Although the narrator clearly comes down on the side of the Anglican via media, of which more in a moment, his somewhat sardonic reading of Sybil derives from a slight cynicism about Disraeli's investment in restoring the national past, as figured by Sybil's ultimate reclamation of her family fortunes.  Instead of Egremont's concluding symbolic marriage to Sybil, now Lady de Mowbray, which is supposed to herald a revived aristocracy, we have Sir John's midpoint marriage to Annie, the granddaughter of the moneylender Jacob Delves. The miserly, working-class Delves (whose relationship with Annie may owe something to Silas Marner)  yearns to make Annie "a lady" (152), on the grounds of not of her descent, but his money.  Jacob gets his wish thanks to a distinctly creepy deathbed arrangement, in which Sir John marries the fourteen-year-old (!!!) Annie in exchange for a Jane Eyre-ish inheritance of twenty thousand pounds.  (This is one of those moments that makes you say "Ah, the glories of Victorian values.")  In other words, O'Donoghue subverts Disraeli's comic narrative of a working-class woman restored to her rightful aristocratic place: Annie's ascent to the position of Lady de Marbury rests on three additional years of Wife Husbandry, not some newly-discovered ancient lineage, and the marriage's success further underlines just how irrelevant Sir John's claims to antiquity are.  After all, Sir John rides to success on the coattails of Jacob Delves' profits from money-lending, not on the romantic power of his non-existent aristocratic upbringing.   

O'Donoghue is similarly unromantic about his brief for middle-of-the-road Anglicanism.   The de Marburys abandoned their Catholicism because one of them found it "a barrier to his promotion in the army" (43), but still have a Roman Catholic chapel on the property, along with a second chapel built by the dowager Lady de Marbury as a corrective to the local Tractarian rector's wayward rituals.     A good chunk of the novel's first half caricatures the controversial novel and its catechetical form: the evangelical Mr. Marshall, who has "the Romish controversy quite at his finger-ends" (41), squares off against the Tractarian Mr. Hulton and the Roman Catholic priest Father Delawney.  In fact, Marshall reads like a caricature of an evangelical, full of "violence" (51) in his denunciations of the Scarlet Woman--and so, in fact, he is, because he's actually a stealth Jesuit (!), working in concert with Delawney to make Roman Catholic converts (thanks to any publicity being good publicity).  Although the narrative has no brief for Marshall's and Delawney's skulduggery, it does offer up some grudging admiration for Marshall's missionary work, which ultimately leads to him being "sawn asunder" (123).  The novel is similarly critical of popular preaching, which it dismisses as showy rhetoric rather than sound theological or pastoral work; all religous controversy promptly devolves into empty performance.  In any event, this fiasco leads to the eventual implosion of both the Catholic and the Dissenting causes at Donnington--including the demolition of the Catholic chapel, which Sir John turns into a "very picturesque ruin" (266).  (In other words, an update on the plundered abbey motif.)  Again, the narrative undermines Disraeli's fixation on national continuity, while making the new Anglican church that replaces the "schismatical" (269) Dissenting house of worship into a symbol of spiritual and political healing.  (Even then, the reader may well wonder about the new church's exalted memorial to Jacob Delves.)  To the extent that the novel looks to the Church of England, that is, it does so from the point of view of modernity rather than antiquity.
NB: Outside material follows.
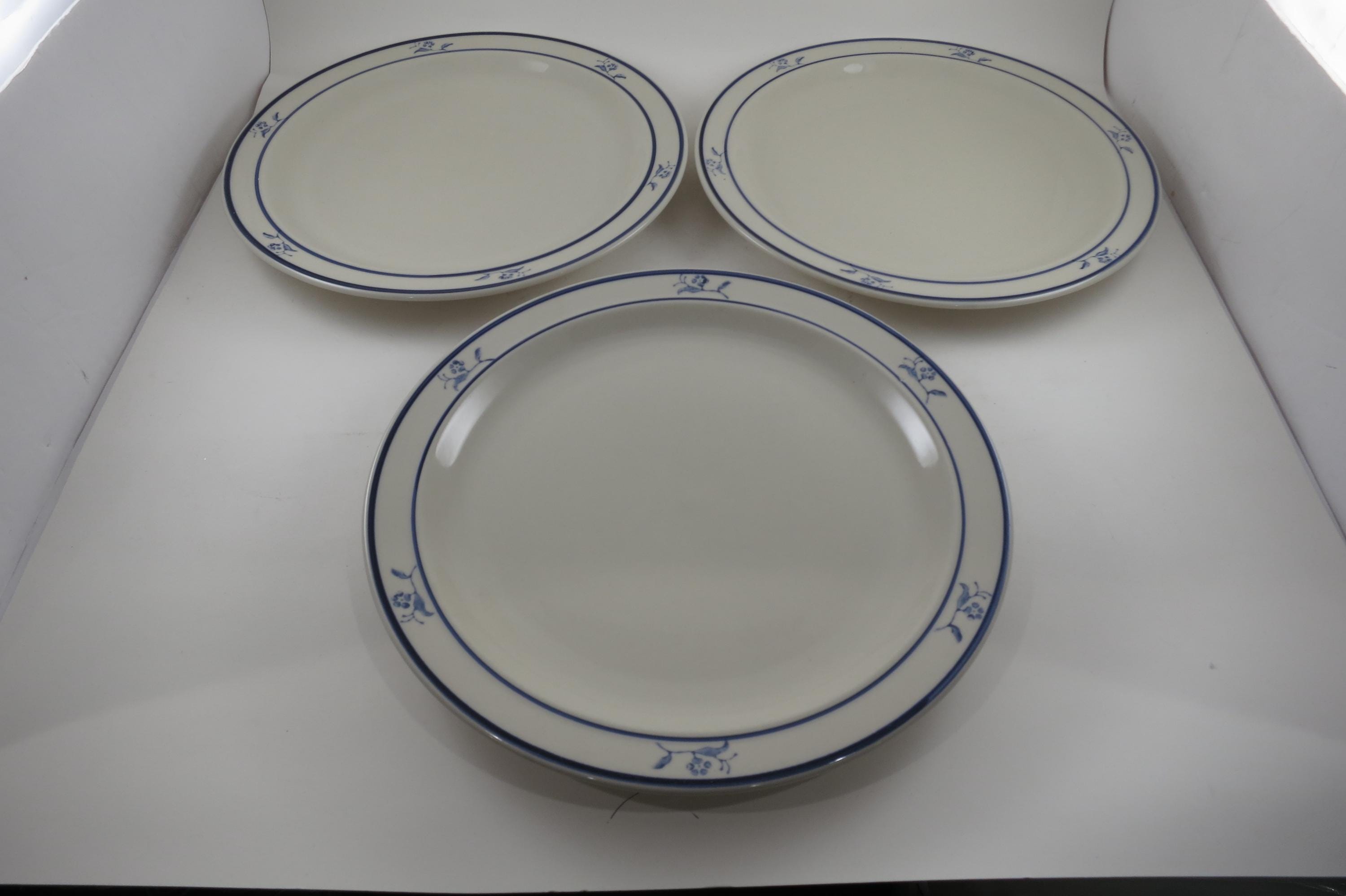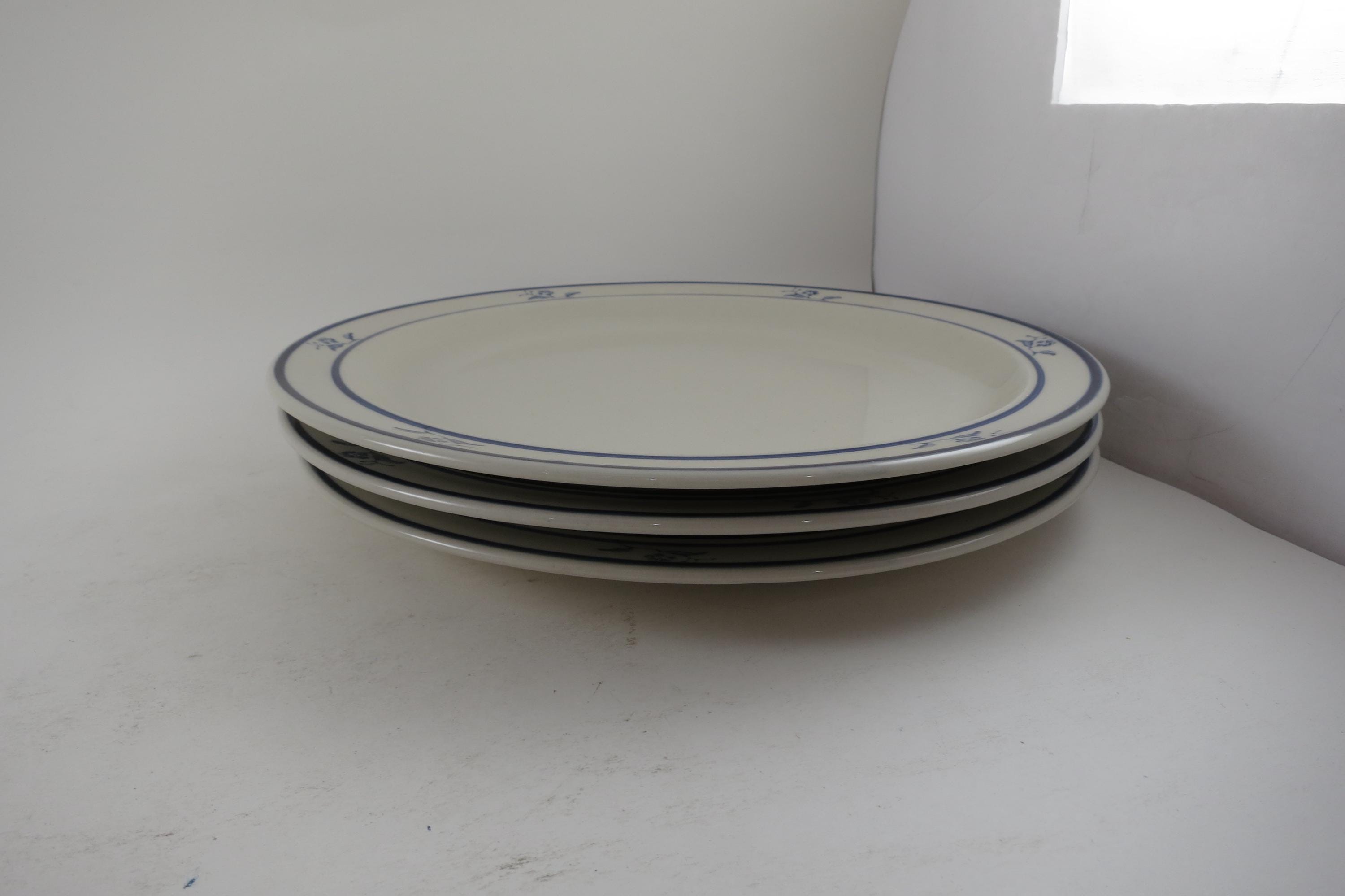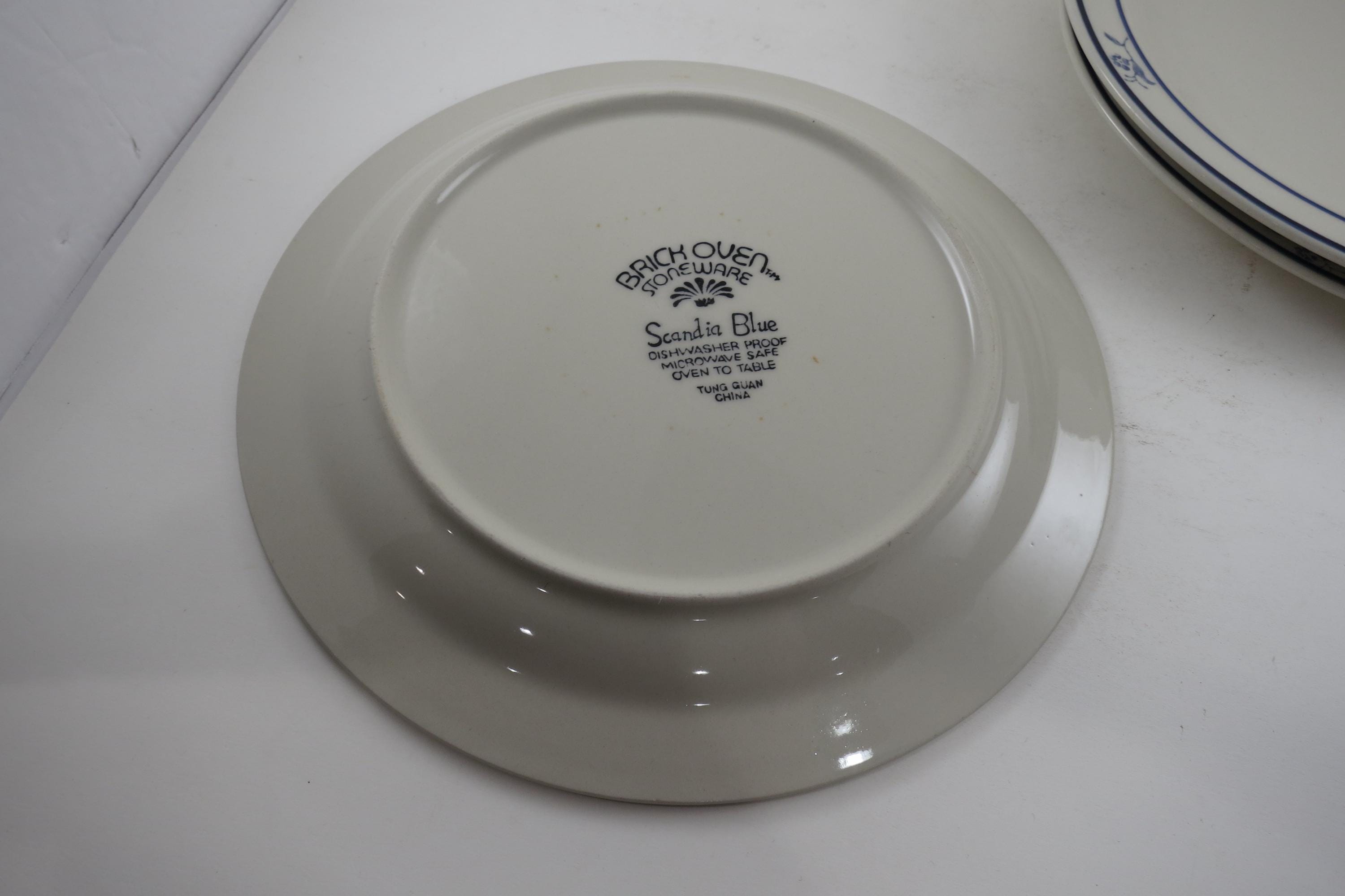 Set of 3 Brick Oven Stoneware Scandia Blue 10 Inch Dinner Plates.

Pointedly, the most spiritually authentic moment in the novel occurs in the new church, not during the elaborate rituals hosted by Mr. Hulton, but in the silent devotions of Annie, Sir John, and Annie's two young brothers. True religion, the novel hints, is a thing apart from the noise of denominational strife.   

1 The link says that Donnington Hall has "no Irish content," which, strictly speaking, is untrue: although nothing happens in Ireland, one of the subplots involves an Irish Protestant clergyman, Tom MacMahon (later Mahon), whose hapless career includes courting Lady de Marbury (which ends unfortunately) and becoming a celebrity preacher (which also ends unfortunately).